What the exercise asks: Your task is to restate word for word the lines in the material below, from the one with "This is a far" up to and including the one with "Reliance Mutual Fund". Do not carry over the pictures.

*** Opening Dataset records ***

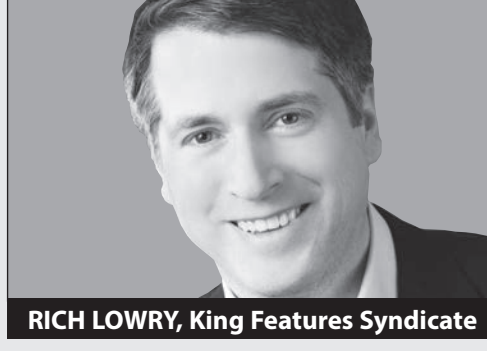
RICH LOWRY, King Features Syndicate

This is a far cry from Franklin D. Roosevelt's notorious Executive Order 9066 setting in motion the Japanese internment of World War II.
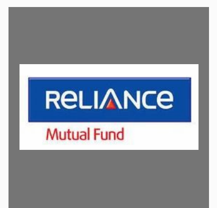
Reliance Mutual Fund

*** Closing Dataset records ***
*** Opening Dataset records ***

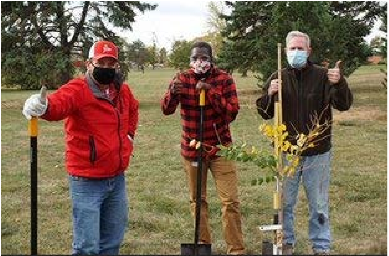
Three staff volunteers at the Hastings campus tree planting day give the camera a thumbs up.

*** Closing Dataset records ***
*** Opening Dataset records ***

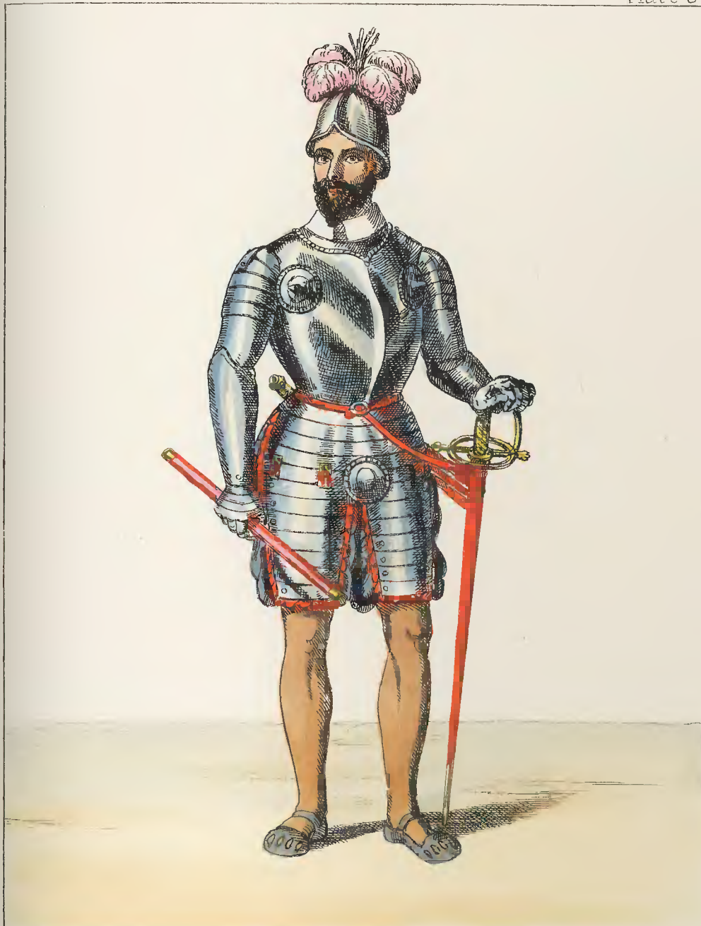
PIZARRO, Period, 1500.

*** Closing Dataset records ***

Result of this task:
This is a far cry from Franklin D. Roosevelt's notorious Executive Order 9066 setting in motion the Japanese internment of World War II.
Reliance Mutual Fund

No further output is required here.